If you’re considering DNA paternity testing, what information do you expect to get? Today’s technology is so advanced that you’re sure to get an accurate and conclusive answer to your paternity question. But some people also think they’ll get specific details and characteristics about test participants. Is this true? What info do you get? Here are some quick answers.
Paternity testing tells you whether or not the man tested is considered the biological father of the child tested
Answering this question through DNA is why people do this test in the first place, and it’s by far the most reliable and cost-effective method to determine a biological relationship. Once the DNA profiles for participants are established, results are calculated using tried-and-true statistics. Test results will usually give a probability of paternity of 99.9% or higher when a man is considered the biological father of the child tested, and 0% if DNA data shows the man is NOT considered to be the biological father.
The sex of paternity testing participants
One of the DNA markers checked by the lab during paternity testing is the “Amelogenin,” or sex gene. On a report, this shows as XX for female, and XY for male. This is a useful process for a variety of reasons. For example, if the child is supposed to be male and this check shows that the child’s sample is from a female, the lab can contact the customer and ask for clarification to ensure correct samples were submitted. Sometimes customers accidentally mislabel samples, and this process can catch this mistake.
Who the father is while you’re still pregnant
It used to be that you could only determine paternity once the baby was born, but that’s no longer true. The technology for non-invasive prenatal paternity test is so advanced now that you can reliably do paternity testing while pregnant (once the mother is 8 weeks or further along) without any risk to either mother or unborn child.

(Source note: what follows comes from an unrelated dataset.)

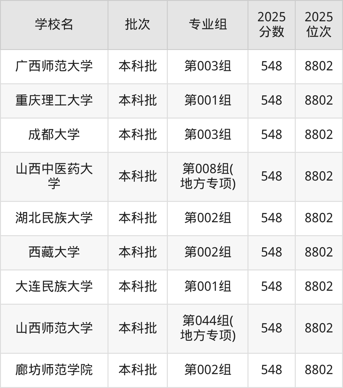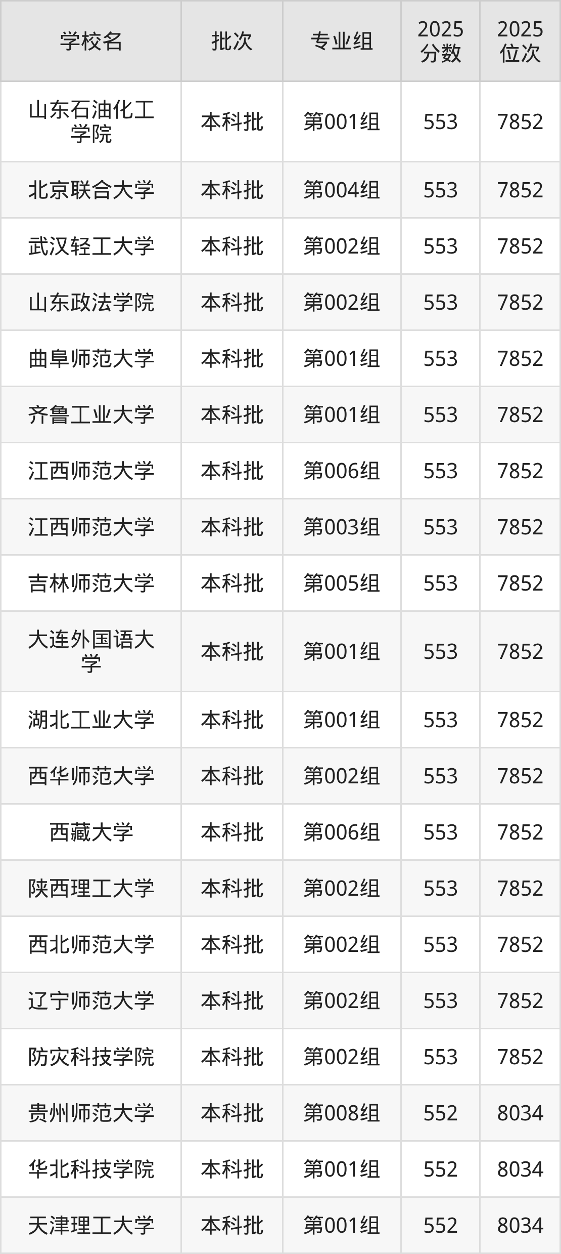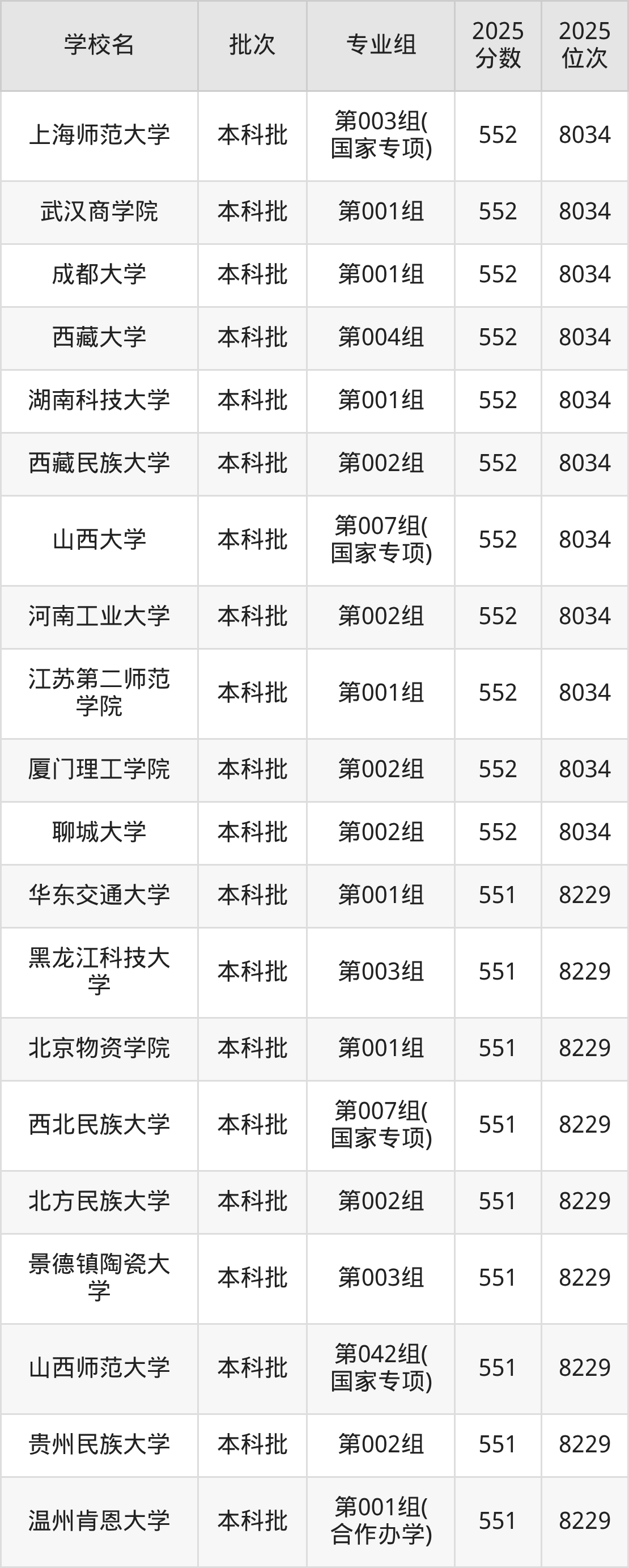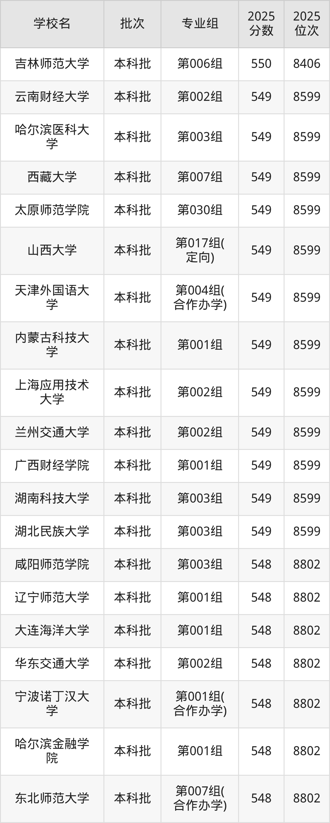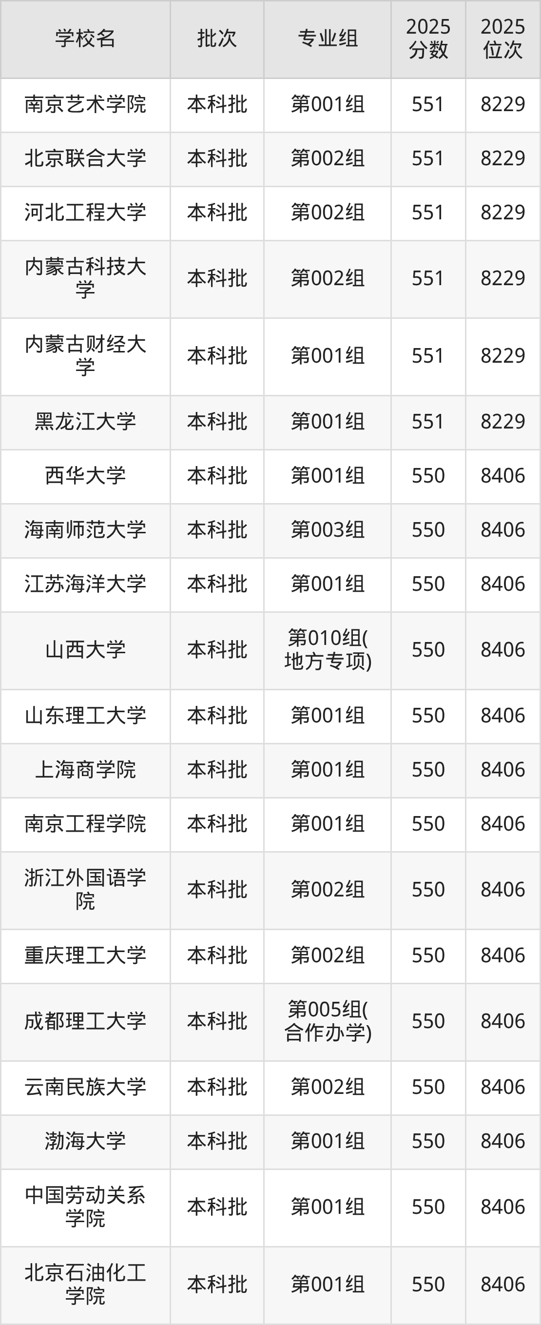 2025年山西高考历史类550分(8230名~8406名)能上的大学有北京石油化工学院第001组、中国劳动关系学院第001组、渤海大学第001组、吉林师范大学第006组等。

Final Thought about Paternity Testing
Analyzing DNA is still the most accurate and reliable method for paternity testing, which is why it’s trusted to settle family disputes every day by courts across America and around the world. But it’s important to remember that these tests are designed for one specific purpose and one purpose only: to establish the probability of a biological relationship. If you have other familial questions that could be answered by DNA, other types of tests are a better choice.